> [Goal of the exercise]: The answer must be an exact copy of the lines from the one with "Ubekendt kunstner: Hestevæddeløb." through the final line of the records below, with no pictures.

[Items listed in a dataset]
● ● ●

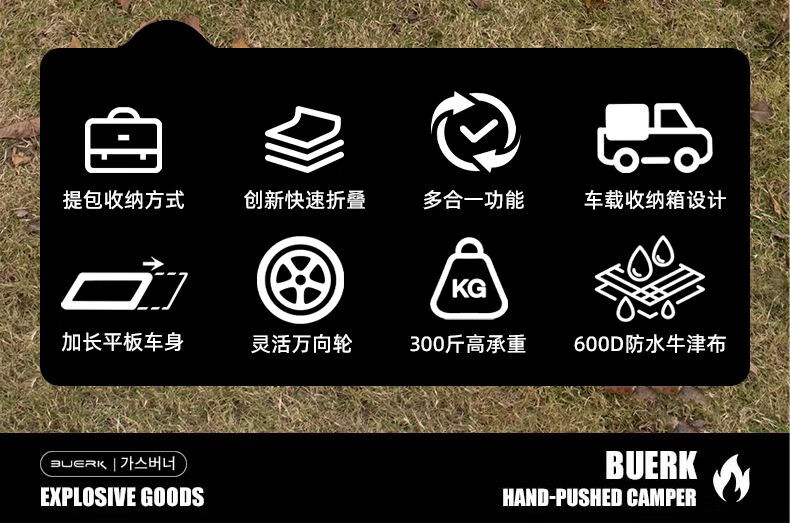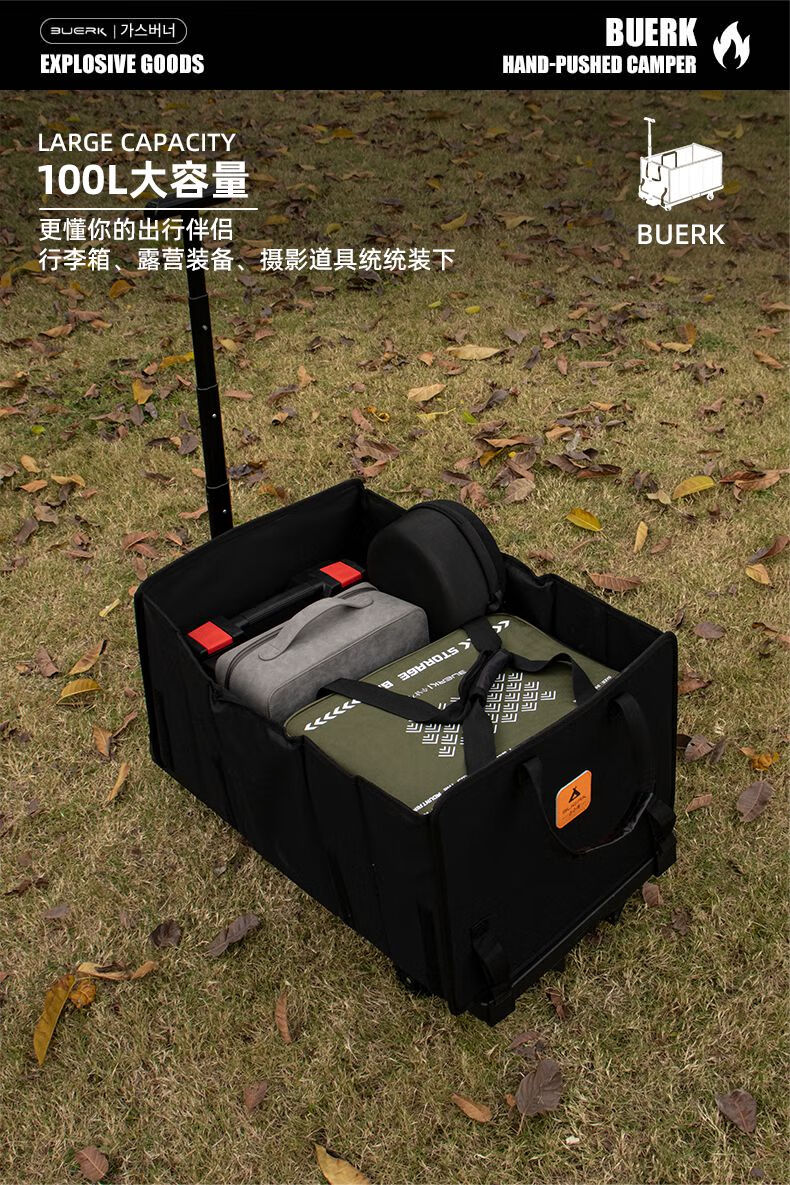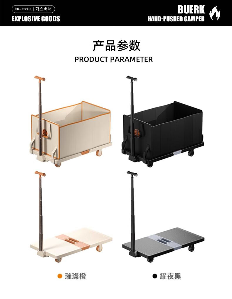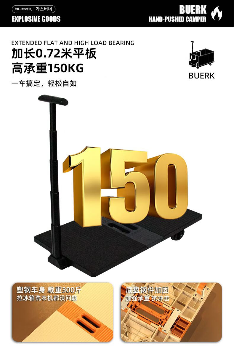 布比克(BUERK)可折叠户外野餐露营家用推车收纳便携露营手拉拖车小推车摆摊桌板 手推车质感黑
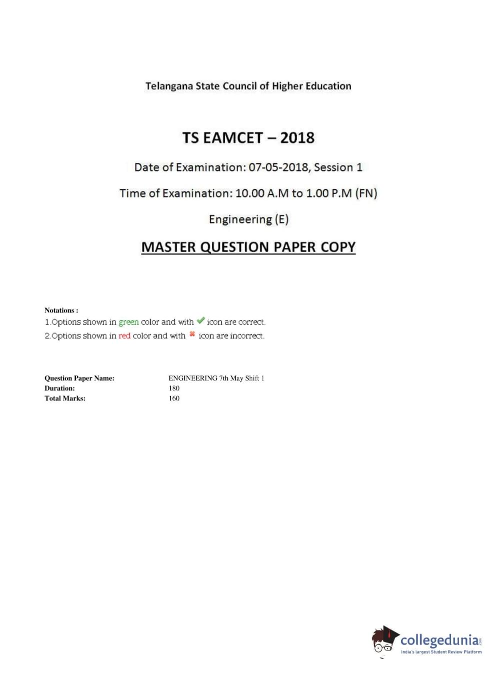 TS EAMCET 2018 Engineering Question paper with answer key pdf conducted on May 7 in Forenoon Session 10 AM to 1 PM is available for download. The exam was successfully organized by Jawaharlal Nehru Technological University, Hyderabad (JNTUH). The question paper comprised a total of 160 questions divided among 3 sections.
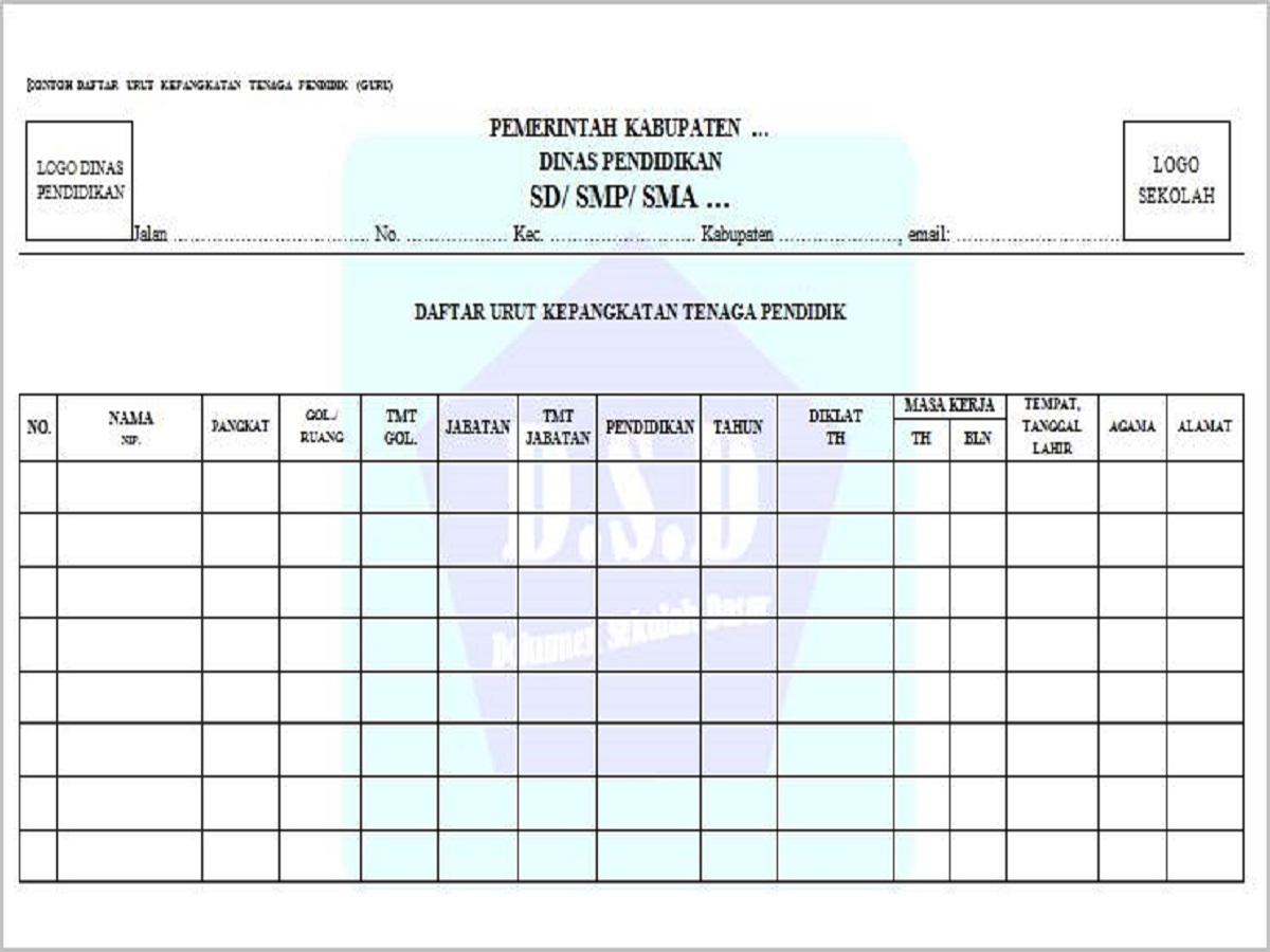 Daftar urut kepangkatan ini dibuat setiap tahun secara rutin. Format duk ini adalah contoh format duk terbaru 20172018 yang dapat anda jadikan referensi dalam membuat duk daftar urut kepangkatan disekolah anda.
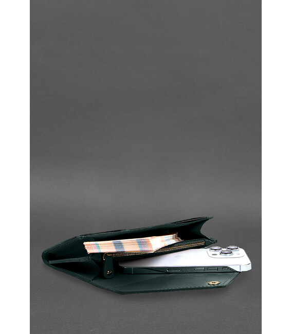 Шкіряний клатч (портмоне) на кнопці 5.0 Зелений краст
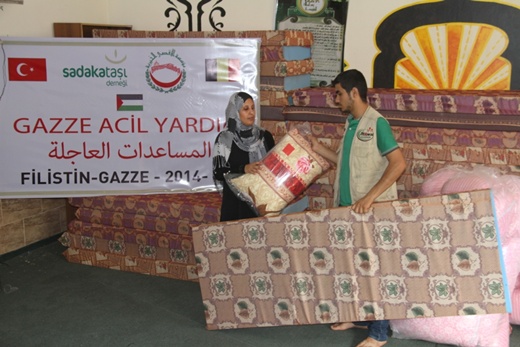 Gazze'de yaşananlara kayıtsız kalmayan ve Gazzelileri yalnız bırakmayan Sadakataşı Derneği ramazan ayı içersinde dağıtımını gerçekleştirdiği kumanyaların ardından Gazze için acil yardım çağrısında bulundu. Yurtiçi ve yurtdışından olmak üzere birçok STK'nın destek verdiği kampanya kapsamında yardımlar Gazzeye ulaştırılıyor. Toplanan yardımlar ilk olarak okullara ve camilere sığınan Gazzelilere dağıtıldı. Dağıtımı yapılan yardım malzemeleri içersinde yatak battaniye bulunuyor.
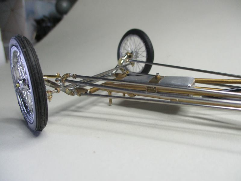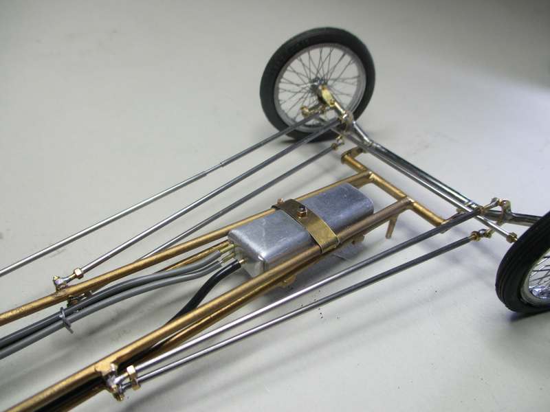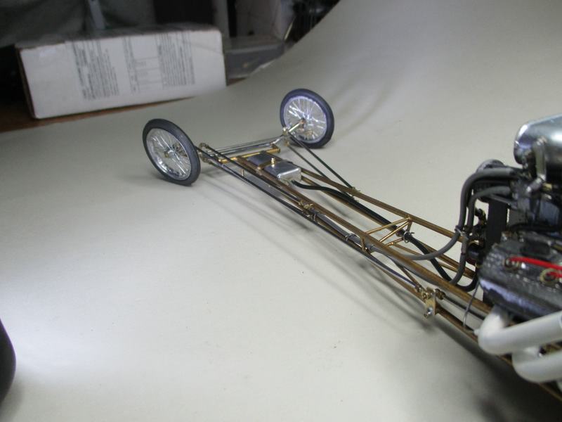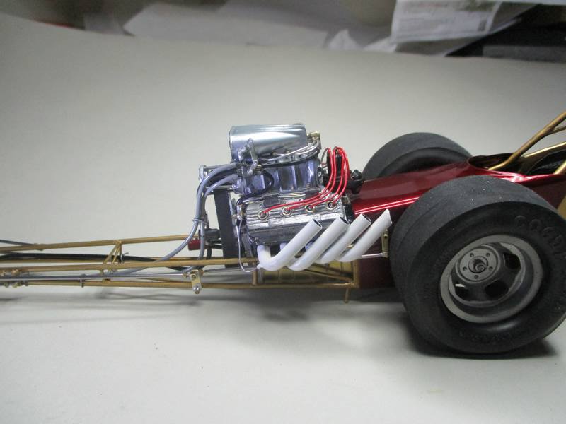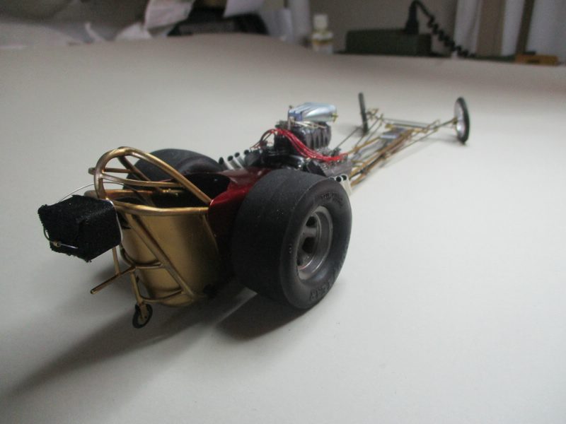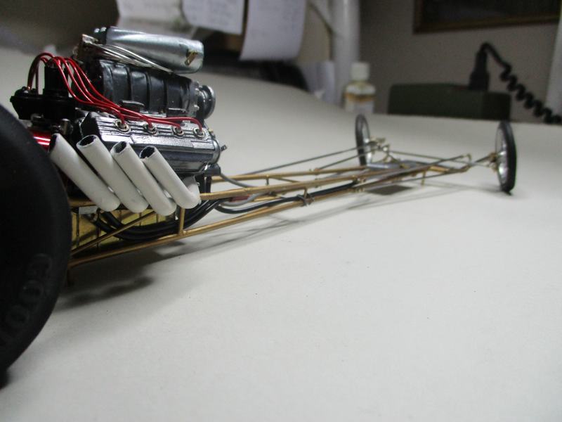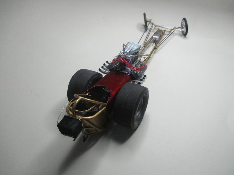 COMPLETED! Vintage 1965, Woody Gilmore 150", brass scratch build, 1:16 scale. Motor is a resin kit, CompResins, just changed a lots of things. Rear tires and wheels are of Revell Funny Car vintage. Front wheels are 40 spoke wire laced. Brass tube chassis following original plans. Paint is a mix from House of Kolor and Specialist Paints, Candy Apple Red. Maybe tomorrow a light box session. Exhaust tips need some black inside the pipes and the slicks need a tad more sanding to get rid of the seam. Immensely grateful for the positive feedback, truly the best incentive to maintain momentum. Many thanks guys! Mike..
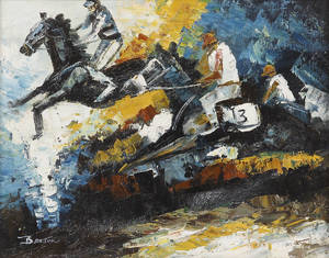 Ubekendt kunstner: Hestevæddeløb. Sign. Barton. Olie på lærred. 32 x 41 cm (39 x 48 cm). Fremstår med lærredsforstærkning langs blændramme.
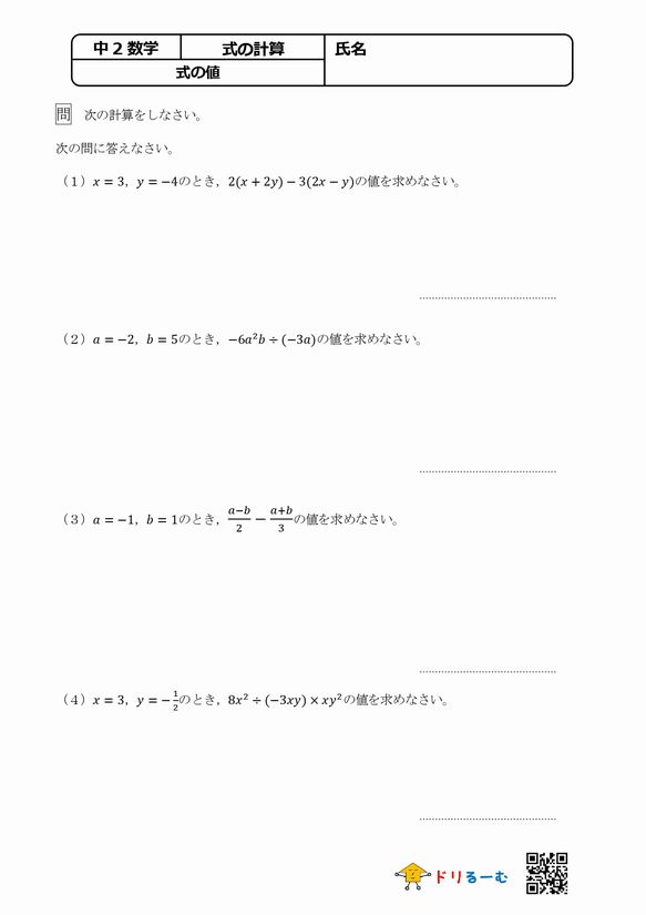 式の計算(式の値)式の計算 2025.05.26 お気に入りに追加 0このような問題はいきなり式の文字に代入するのではなく、文字式自体を先に計算して文字を減らし、そこに代入するようにしましょう。 お気に入りに追加 0
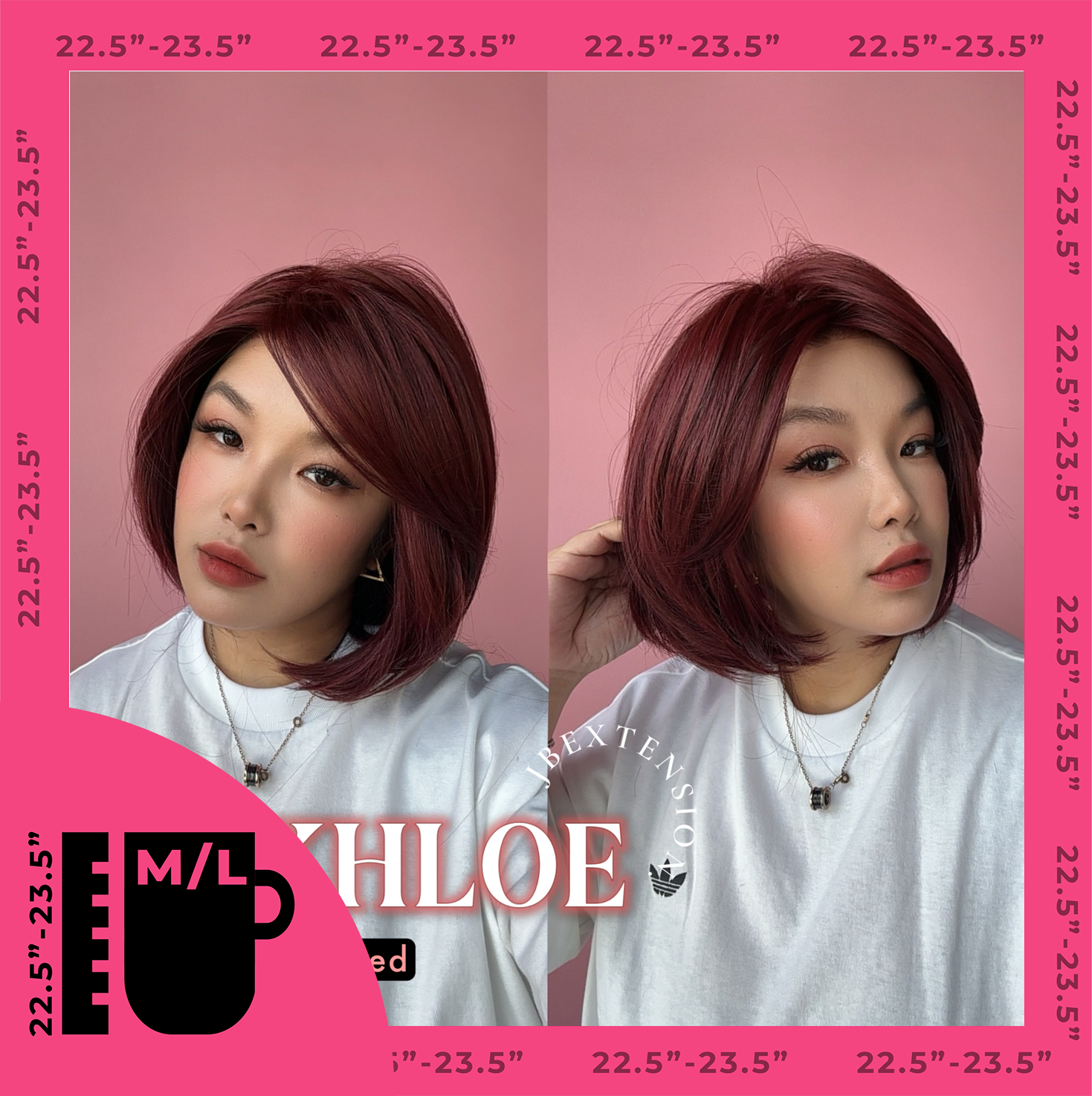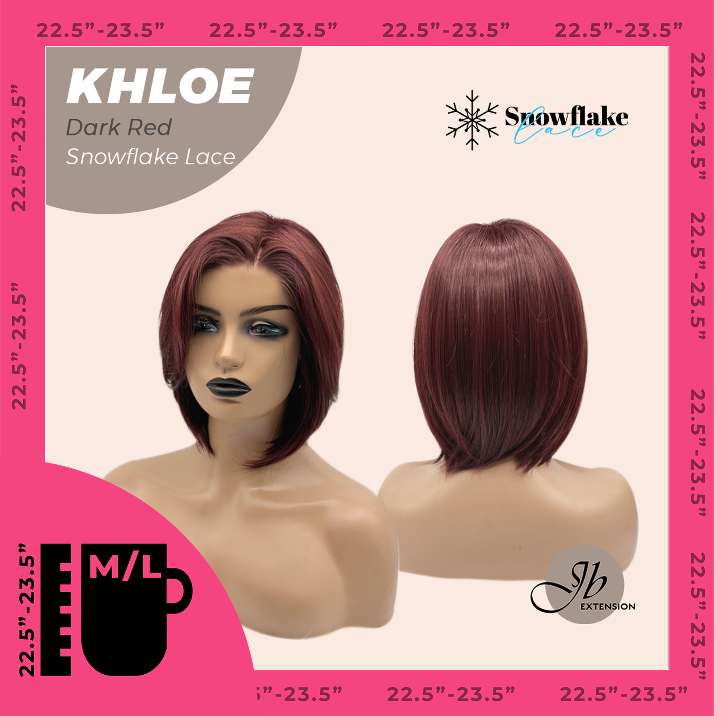 JBEXTENSION 12 Inches Bob Cut Dark Red Pre-Cut Snowflake Lace Frontlace Glueless Wig KHLOE DARK RED【PERMATEASE】【BENDY EAR TABS】- M/L
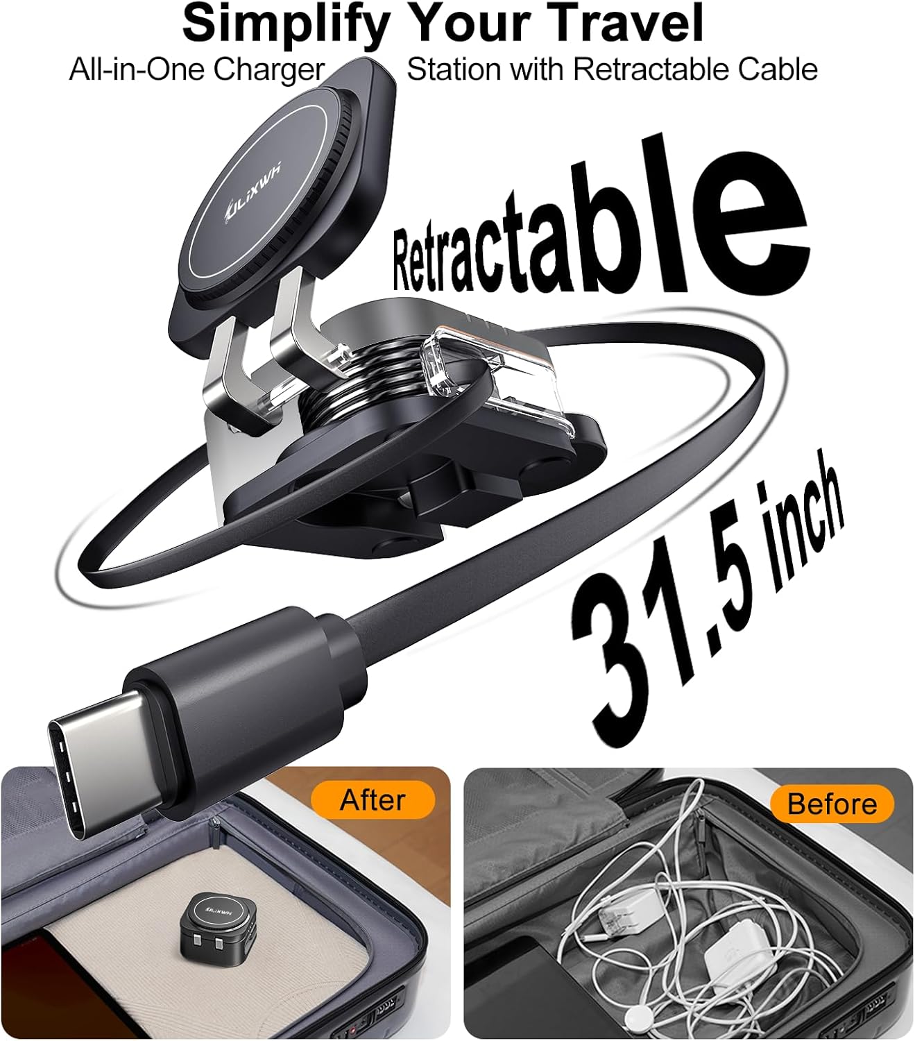 【Retractable Design, Portable Size】First iphone charging station with retractable cable(31.5 inches) on market, say goodbye to messy and tangled cable. It not only retains advantages of magsafe stand, but also achieves ultimate in lightness and portability. Foldable design and compact size(Size Similar to AirPods 3), which can be easily placed in pocket anytime and anywhere.Portable iphone charger stand also acts as holder anytime, making it perfect assistant for TV and video calls on the go

● ● ●

> [Response]:
 Ubekendt kunstner: Hestevæddeløb. Sign. Barton. Olie på lærred. 32 x 41 cm (39 x 48 cm). Fremstår med lærredsforstærkning langs blændramme.
 式の計算(式の値)式の計算 2025.05.26 お気に入りに追加 0このような問題はいきなり式の文字に代入するのではなく、文字式自体を先に計算して文字を減らし、そこに代入するようにしましょう。 お気に入りに追加 0
 JBEXTENSION 12 Inches Bob Cut Dark Red Pre-Cut Snowflake Lace Frontlace Glueless Wig KHLOE DARK RED【PERMATEASE】【BENDY EAR TABS】- M/L
 【Retractable Design, Portable Size】First iphone charging station with retractable cable(31.5 inches) on market, say goodbye to messy and tangled cable. It not only retains advantages of magsafe stand, but also achieves ultimate in lightness and portability. Foldable design and compact size(Size Similar to AirPods 3), which can be easily placed in pocket anytime and anywhere.Portable iphone charger stand also acts as holder anytime, making it perfect assistant for TV and video calls on the go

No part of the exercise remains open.